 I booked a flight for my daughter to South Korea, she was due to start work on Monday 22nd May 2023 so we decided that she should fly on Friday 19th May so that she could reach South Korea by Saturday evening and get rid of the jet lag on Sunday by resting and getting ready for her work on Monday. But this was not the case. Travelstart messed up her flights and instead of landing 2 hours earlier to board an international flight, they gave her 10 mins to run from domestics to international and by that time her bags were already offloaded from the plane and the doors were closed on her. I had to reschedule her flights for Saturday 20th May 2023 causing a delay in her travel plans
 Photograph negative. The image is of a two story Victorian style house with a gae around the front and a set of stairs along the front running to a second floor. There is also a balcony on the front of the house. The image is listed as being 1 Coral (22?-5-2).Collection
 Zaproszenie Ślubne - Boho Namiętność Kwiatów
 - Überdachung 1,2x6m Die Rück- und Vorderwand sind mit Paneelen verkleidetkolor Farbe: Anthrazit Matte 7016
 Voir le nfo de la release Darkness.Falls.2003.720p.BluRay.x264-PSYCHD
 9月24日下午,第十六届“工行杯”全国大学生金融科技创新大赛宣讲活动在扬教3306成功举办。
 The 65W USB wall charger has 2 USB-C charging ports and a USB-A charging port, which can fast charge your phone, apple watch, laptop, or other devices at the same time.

* * *

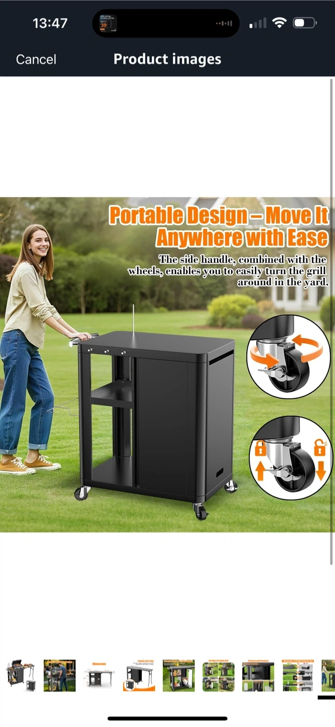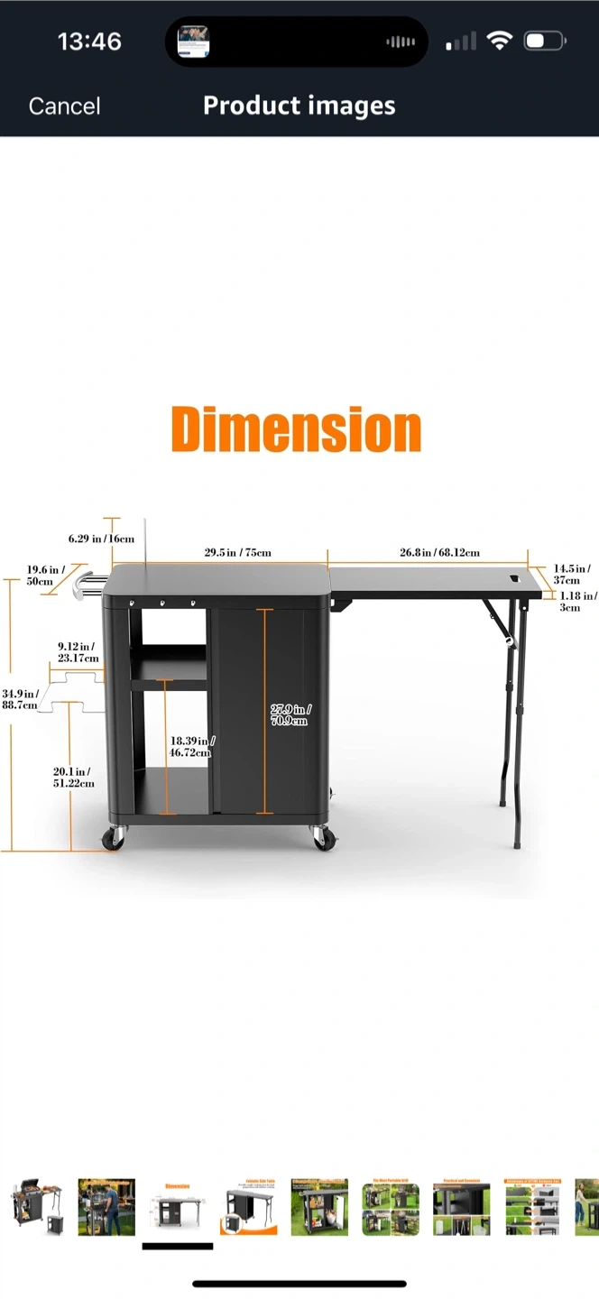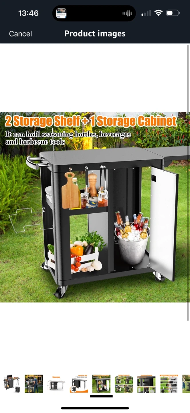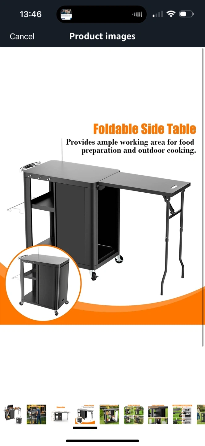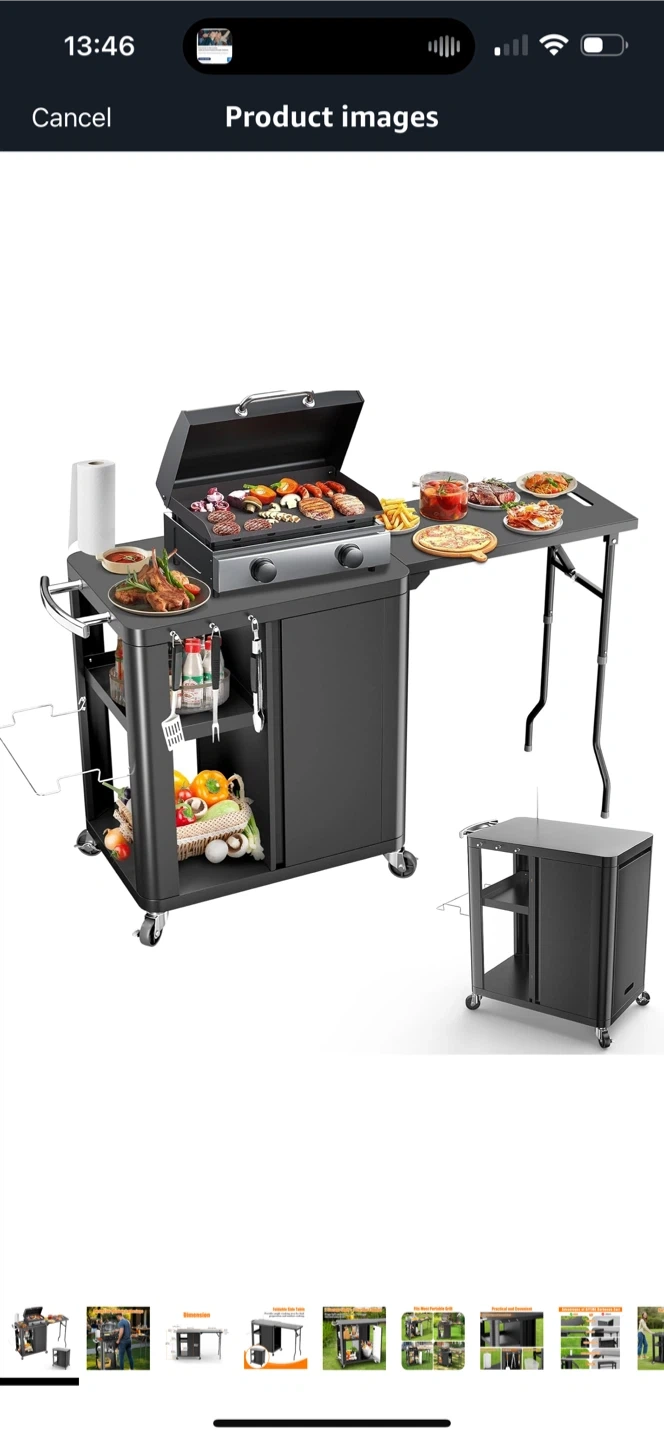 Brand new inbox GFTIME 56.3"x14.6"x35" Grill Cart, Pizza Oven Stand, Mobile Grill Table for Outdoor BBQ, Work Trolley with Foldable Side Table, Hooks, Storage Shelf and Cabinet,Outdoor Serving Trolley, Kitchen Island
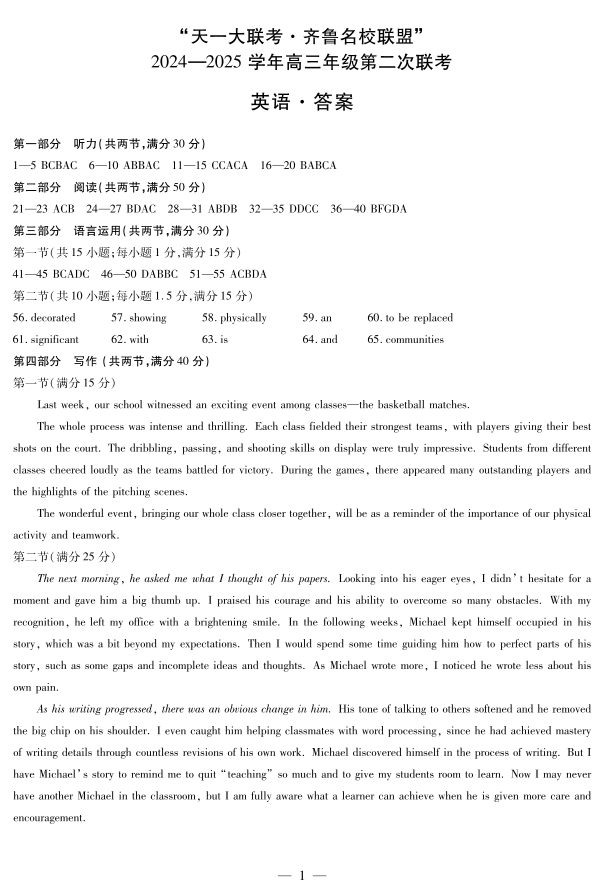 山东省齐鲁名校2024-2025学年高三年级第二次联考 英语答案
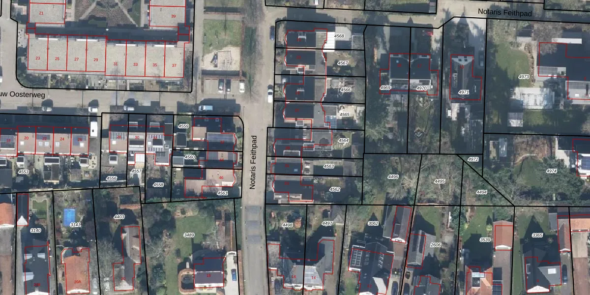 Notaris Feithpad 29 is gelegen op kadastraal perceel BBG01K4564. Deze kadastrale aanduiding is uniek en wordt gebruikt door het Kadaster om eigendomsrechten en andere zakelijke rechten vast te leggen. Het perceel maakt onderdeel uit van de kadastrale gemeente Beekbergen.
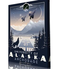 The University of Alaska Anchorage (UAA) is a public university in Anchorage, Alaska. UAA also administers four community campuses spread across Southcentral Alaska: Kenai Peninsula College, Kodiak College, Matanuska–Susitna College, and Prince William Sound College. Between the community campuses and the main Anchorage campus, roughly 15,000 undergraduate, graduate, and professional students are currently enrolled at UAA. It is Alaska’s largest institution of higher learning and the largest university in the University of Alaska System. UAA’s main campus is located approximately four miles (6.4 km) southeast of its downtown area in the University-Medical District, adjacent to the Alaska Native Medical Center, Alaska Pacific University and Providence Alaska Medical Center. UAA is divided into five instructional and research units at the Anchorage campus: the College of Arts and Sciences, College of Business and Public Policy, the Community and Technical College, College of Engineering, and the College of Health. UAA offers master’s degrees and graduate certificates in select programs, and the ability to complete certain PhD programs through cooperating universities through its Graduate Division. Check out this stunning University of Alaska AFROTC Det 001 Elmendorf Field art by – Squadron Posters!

Try it:
Above is the material; set down exactly its lines from the one containing "Brand new inbox" down to the one containing "The University of Alaska Anchorage", both included, leaving out any pictures.

Final answer:
 Brand new inbox GFTIME 56.3"x14.6"x35" Grill Cart, Pizza Oven Stand, Mobile Grill Table for Outdoor BBQ, Work Trolley with Foldable Side Table, Hooks, Storage Shelf and Cabinet,Outdoor Serving Trolley, Kitchen Island
 山东省齐鲁名校2024-2025学年高三年级第二次联考 英语答案
 Notaris Feithpad 29 is gelegen op kadastraal perceel BBG01K4564. Deze kadastrale aanduiding is uniek en wordt gebruikt door het Kadaster om eigendomsrechten en andere zakelijke rechten vast te leggen. Het perceel maakt onderdeel uit van de kadastrale gemeente Beekbergen.
 The University of Alaska Anchorage (UAA) is a public university in Anchorage, Alaska. UAA also administers four community campuses spread across Southcentral Alaska: Kenai Peninsula College, Kodiak College, Matanuska–Susitna College, and Prince William Sound College. Between the community campuses and the main Anchorage campus, roughly 15,000 undergraduate, graduate, and professional students are currently enrolled at UAA. It is Alaska’s largest institution of higher learning and the largest university in the University of Alaska System. UAA’s main campus is located approximately four miles (6.4 km) southeast of its downtown area in the University-Medical District, adjacent to the Alaska Native Medical Center, Alaska Pacific University and Providence Alaska Medical Center. UAA is divided into five instructional and research units at the Anchorage campus: the College of Arts and Sciences, College of Business and Public Policy, the Community and Technical College, College of Engineering, and the College of Health. UAA offers master’s degrees and graduate certificates in select programs, and the ability to complete certain PhD programs through cooperating universities through its Graduate Division. Check out this stunning University of Alaska AFROTC Det 001 Elmendorf Field art by – Squadron Posters!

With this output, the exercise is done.